The updated version has taken SAX2 further than most other parsers. It has a highly modular structure; the reference distribution is able to use an optional “stream validator” that uses the SAX2 events. The model of an XML pipeline of such events is a natural and powerful way to think about SAX; the SAX2 pipeline package in this distribution lets applications compose arbitrary processing modules in series or parallel. This style of SAX2 processing is emphasized in this book, and some of the examples show how to use these advanced components. Validation and DOM support remain completely modular, and use SAX event pipelines, so Ælfred can still be distributed as a lightweight nonvalidating parser without those components. Likewise, the validation and DOM support don’t need Ælfred to work.

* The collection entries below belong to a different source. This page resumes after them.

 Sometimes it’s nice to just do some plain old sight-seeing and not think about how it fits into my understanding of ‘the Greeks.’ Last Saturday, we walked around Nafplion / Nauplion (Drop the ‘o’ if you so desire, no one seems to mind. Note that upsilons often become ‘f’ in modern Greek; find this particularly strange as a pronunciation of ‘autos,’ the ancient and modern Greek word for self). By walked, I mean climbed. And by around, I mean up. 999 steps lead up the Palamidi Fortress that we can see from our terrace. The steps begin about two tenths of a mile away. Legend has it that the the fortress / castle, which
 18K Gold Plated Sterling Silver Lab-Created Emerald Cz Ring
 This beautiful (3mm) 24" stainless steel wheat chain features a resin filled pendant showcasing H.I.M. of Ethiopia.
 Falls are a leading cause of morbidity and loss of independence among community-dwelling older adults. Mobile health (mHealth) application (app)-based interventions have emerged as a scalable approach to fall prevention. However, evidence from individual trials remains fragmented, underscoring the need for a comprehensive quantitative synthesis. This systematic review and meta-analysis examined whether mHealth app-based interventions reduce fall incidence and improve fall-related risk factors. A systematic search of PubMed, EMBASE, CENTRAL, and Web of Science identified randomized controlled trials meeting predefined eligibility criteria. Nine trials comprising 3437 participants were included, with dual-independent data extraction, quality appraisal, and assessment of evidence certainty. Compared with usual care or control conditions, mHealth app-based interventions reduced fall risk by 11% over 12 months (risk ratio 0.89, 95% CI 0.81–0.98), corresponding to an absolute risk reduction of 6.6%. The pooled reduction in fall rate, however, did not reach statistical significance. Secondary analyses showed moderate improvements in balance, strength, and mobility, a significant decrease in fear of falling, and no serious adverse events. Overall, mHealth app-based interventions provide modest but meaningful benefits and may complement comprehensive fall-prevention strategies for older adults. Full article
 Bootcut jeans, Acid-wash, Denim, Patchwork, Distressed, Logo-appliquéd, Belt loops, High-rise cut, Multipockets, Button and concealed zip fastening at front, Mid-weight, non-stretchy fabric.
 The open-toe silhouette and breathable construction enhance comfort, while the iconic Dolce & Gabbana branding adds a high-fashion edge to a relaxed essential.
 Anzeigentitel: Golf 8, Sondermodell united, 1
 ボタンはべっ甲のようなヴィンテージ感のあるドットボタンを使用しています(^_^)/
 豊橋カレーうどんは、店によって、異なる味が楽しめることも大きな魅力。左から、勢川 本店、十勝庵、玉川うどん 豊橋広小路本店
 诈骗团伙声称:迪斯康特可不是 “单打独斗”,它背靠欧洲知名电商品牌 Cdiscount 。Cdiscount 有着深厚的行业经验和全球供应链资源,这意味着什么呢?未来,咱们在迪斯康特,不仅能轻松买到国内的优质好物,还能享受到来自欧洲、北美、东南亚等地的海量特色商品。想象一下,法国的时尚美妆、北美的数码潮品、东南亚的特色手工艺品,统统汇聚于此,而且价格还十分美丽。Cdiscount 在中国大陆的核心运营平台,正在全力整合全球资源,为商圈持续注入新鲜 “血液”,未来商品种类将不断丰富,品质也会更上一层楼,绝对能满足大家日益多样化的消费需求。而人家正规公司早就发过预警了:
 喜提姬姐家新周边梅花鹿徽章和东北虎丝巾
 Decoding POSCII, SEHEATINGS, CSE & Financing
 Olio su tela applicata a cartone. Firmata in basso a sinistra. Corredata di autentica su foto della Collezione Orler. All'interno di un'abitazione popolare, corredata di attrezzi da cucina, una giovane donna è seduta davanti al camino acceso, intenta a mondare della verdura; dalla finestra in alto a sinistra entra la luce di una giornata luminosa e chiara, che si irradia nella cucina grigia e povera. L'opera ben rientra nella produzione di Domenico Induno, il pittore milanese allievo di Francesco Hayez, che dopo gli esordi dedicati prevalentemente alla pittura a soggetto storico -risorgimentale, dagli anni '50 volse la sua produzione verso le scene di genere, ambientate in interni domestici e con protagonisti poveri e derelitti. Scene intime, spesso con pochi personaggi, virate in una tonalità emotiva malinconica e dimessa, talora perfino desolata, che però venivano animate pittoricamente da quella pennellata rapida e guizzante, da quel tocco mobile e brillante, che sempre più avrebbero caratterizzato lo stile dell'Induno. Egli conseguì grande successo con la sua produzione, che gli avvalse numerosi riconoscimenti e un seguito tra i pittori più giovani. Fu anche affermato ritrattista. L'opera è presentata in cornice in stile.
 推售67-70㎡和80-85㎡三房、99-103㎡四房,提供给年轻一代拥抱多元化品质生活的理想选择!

The current version of Ælfred is licensed under the
GNU General Public License (GPL), with the
“library exception” clause to ensure that it can be used in
proprietary applications (notably, embedded systems)
that aren’t themselves licensed under the GPL.
That license is used with many GNU libraries, such as the
GCC Java (GCJ) runtime libraries.
Ælfred includes a
file that needs installation.
See http://www.gnu.org/software/classpathx/jaxp/ for information about the current distribution of Ælfred.
Sun, through Java Project X in its Java division, was one of the earliest major Java vendors to support SAX and XML namespaces. This parser was the first to demonstrate that XML could be validated without a significant penalty. It was dozens of times faster than its competitors and offered more XML conformance. History buffs may like to know that its validation was based on some of the SGML/HTML validation code from the HotJava web browser, the original Java-and-the-Web showpiece software package. This XML code ties directly to some of the earliest Java software seen outside of JavaSoft.
Crimson is a version of the Java Project X software, updated to support SAX2, DOM Level 2, and JAXP 1.1 (for which it is the reference implementation). It was submitted to the Apache XML project to help trigger a “best of breed” XML parser.
Crimson is licensed under the Apache Software License.
The Crimson parser has been incorporated into
Sun’s JDK 1.4 release as its standard XML parser.
It is separately distributed as the reference parser
for JAXP, so most JAXP distributions include it.
This book describes Crimson Version 1.1.3
(matching JDK 1.4), dated October 2001,
crimson.jar files that need installation.
See http://java.sun.com/xml/ for information about this distribution.
Xerces is a family of XML parsers in the Apache XML project; in this book, we refer only to the Java version, not the C/C++ version. It has evolved from the second generation of IBM’s XML for Java (XML4J) parser, and much of its development and maintenance is still handled by IBM. It is relatively large, and is monolithic rather than modular. It also supports many nonstandard extensions. For example, validation against W3C’s XML schemas is part of the parser, rather than a layered feature.
Xerces v2 is a third-generation project. Goals of that project include a more maintainable and modular design. It includes an internal XML event pipeline model, which is strikingly similar to that used in Ælfred to layer validation and DOM support, except that it doesn’t use SAX2 to represent the XML Infoset data.
Xerces is licensed under the Apache Software License.
This book describes Xerces Version 1.4.3, dated August 2001,
which includes a
xerces.jar file that needs installation.